▶ _Data provided_:

▬▬▬

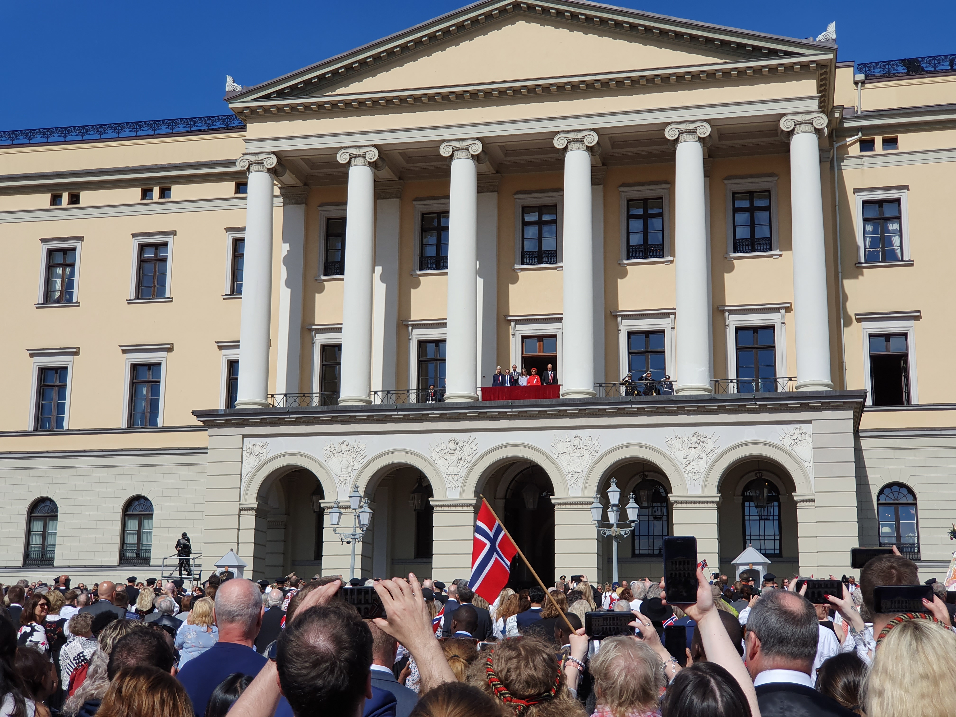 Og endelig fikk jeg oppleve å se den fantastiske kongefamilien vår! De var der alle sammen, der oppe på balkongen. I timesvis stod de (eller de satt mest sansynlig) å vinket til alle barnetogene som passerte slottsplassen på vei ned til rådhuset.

▬▬▬

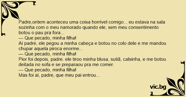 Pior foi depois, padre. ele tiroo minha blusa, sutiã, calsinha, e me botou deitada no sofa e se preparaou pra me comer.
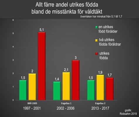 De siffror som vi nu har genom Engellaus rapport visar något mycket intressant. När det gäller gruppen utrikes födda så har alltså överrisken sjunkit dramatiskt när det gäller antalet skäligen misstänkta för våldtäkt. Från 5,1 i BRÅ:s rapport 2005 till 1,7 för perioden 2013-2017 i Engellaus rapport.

▬▬▬

▶ _Goal of the exercise_: After locating "Pior foi depois, padre." and "De siffror som" in the records above, return exactly the line holding each one and every line between them; leave out the pictures.

▶ _Answer to this task_:
 Pior foi depois, padre. ele tiroo minha blusa, sutiã, calsinha, e me botou deitada no sofa e se preparaou pra me comer.
 De siffror som vi nu har genom Engellaus rapport visar något mycket intressant. När det gäller gruppen utrikes födda så har alltså överrisken sjunkit dramatiskt när det gäller antalet skäligen misstänkta för våldtäkt. Från 5,1 i BRÅ:s rapport 2005 till 1,7 för perioden 2013-2017 i Engellaus rapport.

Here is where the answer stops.